Susceptibilities to metabolites of tiamulin (TIA) and enrofloxacin (ENR) were tested using selected bacteria with previously defined minimal inhibitory concentrations (MIC). The TIA metabolites tested were: N-deethyl-tiamulin (DTIA), 2beta-hydroxy-tiamulin (2beta-HTIA) and 8alpha-hydroxy-tiamulin (8alpha-HTIA), and the ENR metabolites were: ciprofloxacin (CIP) and enrofloxacin N-oxide (ENR-N). Bacteria, all of porcine origin, were selected as representatives of bacterial infections (Staphylococcus hyicus and Actinobacillus pleuropneumoniae), zoonotic bacteria (Campylobacter coli) and indicator bacteria (Escherichia coli and enterococci).

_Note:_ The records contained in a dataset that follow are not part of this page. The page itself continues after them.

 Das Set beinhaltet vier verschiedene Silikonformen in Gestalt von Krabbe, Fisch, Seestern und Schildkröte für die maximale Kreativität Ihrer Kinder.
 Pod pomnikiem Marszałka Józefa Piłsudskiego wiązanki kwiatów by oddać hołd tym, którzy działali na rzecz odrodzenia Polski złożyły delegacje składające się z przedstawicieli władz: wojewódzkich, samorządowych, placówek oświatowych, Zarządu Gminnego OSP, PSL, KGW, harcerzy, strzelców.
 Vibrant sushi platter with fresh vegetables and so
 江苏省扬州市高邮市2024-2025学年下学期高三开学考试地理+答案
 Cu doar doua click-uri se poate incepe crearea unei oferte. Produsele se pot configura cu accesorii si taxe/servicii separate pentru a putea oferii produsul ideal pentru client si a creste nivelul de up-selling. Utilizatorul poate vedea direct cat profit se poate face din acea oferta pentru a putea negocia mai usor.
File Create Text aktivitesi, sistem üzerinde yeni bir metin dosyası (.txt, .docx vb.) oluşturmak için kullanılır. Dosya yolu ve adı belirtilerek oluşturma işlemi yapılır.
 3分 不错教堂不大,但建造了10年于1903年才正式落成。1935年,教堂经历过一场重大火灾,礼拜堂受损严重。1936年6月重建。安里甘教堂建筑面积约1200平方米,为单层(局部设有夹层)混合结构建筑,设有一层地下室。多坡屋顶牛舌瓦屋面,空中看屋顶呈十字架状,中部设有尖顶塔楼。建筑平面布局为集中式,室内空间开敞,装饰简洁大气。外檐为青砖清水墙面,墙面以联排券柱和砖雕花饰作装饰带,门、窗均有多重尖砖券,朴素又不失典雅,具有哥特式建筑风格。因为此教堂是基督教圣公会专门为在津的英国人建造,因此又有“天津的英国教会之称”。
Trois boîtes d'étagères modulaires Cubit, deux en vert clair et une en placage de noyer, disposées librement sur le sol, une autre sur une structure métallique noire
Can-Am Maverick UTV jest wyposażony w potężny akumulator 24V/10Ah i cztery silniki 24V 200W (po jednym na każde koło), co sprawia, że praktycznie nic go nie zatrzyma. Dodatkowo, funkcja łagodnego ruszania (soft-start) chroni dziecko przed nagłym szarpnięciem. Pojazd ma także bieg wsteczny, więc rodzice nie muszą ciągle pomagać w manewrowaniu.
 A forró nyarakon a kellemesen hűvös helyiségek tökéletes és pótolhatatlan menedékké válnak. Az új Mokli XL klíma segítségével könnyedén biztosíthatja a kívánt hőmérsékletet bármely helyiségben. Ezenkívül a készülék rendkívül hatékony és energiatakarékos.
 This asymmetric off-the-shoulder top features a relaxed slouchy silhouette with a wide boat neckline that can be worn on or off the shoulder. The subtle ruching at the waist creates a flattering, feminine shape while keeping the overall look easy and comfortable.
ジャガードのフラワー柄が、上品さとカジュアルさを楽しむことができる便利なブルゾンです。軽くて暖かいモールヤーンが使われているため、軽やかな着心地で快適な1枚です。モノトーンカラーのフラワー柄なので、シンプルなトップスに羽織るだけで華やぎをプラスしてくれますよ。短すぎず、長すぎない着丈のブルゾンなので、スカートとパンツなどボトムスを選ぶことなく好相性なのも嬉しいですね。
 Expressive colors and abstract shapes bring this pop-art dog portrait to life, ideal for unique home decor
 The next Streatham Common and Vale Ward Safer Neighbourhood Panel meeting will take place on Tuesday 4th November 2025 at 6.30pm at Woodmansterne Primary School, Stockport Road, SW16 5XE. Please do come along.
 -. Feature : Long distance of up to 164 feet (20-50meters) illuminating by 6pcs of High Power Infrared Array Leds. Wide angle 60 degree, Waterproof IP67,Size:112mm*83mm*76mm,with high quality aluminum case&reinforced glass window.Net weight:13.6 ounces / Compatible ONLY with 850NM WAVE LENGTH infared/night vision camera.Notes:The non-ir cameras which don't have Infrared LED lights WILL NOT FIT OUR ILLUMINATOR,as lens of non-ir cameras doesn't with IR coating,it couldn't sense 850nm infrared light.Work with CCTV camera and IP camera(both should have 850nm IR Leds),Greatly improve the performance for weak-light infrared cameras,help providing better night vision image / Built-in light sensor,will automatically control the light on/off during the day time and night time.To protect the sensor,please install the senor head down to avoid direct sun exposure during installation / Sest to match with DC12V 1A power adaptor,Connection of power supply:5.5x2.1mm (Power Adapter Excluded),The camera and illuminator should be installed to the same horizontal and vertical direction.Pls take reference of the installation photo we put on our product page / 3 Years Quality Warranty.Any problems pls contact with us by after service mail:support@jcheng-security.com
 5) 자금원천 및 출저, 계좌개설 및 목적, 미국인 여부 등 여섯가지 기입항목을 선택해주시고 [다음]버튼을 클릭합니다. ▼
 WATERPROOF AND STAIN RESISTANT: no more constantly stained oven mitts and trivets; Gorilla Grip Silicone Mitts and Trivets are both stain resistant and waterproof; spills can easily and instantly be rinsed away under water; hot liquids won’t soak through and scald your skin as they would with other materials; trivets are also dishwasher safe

Furthermore the effects of these compounds were tested on the microbial community of active sludge to test any negative effect on colony forming units (CFU). DTIA had a potency of 12.5-50% of the potency of TIA. 2beta-HTIA and 8alpha-HTIA had potencies less than 1% of the potency of TIA. ENR-N had a potency of 0.75-1.5% of the potency of ENR, while CIP and ENR had similar potencies. Results obtained here indicate that CIP and DTIA could contribute to the selective pressure for upholding antimicrobial resistant bacteria in animals under ENR or TIA treatment. The most potent metabolites CIP and DTIA showed considerable potencies against activated sludge bacteria compared to the parent compounds. EC(50) (microg/ml) for ENR, CIP, TIA and DTIA were 0.018 [95% CI: 0.028-0.149], 0.064 [95% CI: 0.007-0.046], 6.0 [95% CI: 3.6-9.8], and 9.7 [95% CI: 5.8-16.3], respectively. This indicates that the compounds can change the bacterial population in the sludge, and hereby alter the properties of the sludge.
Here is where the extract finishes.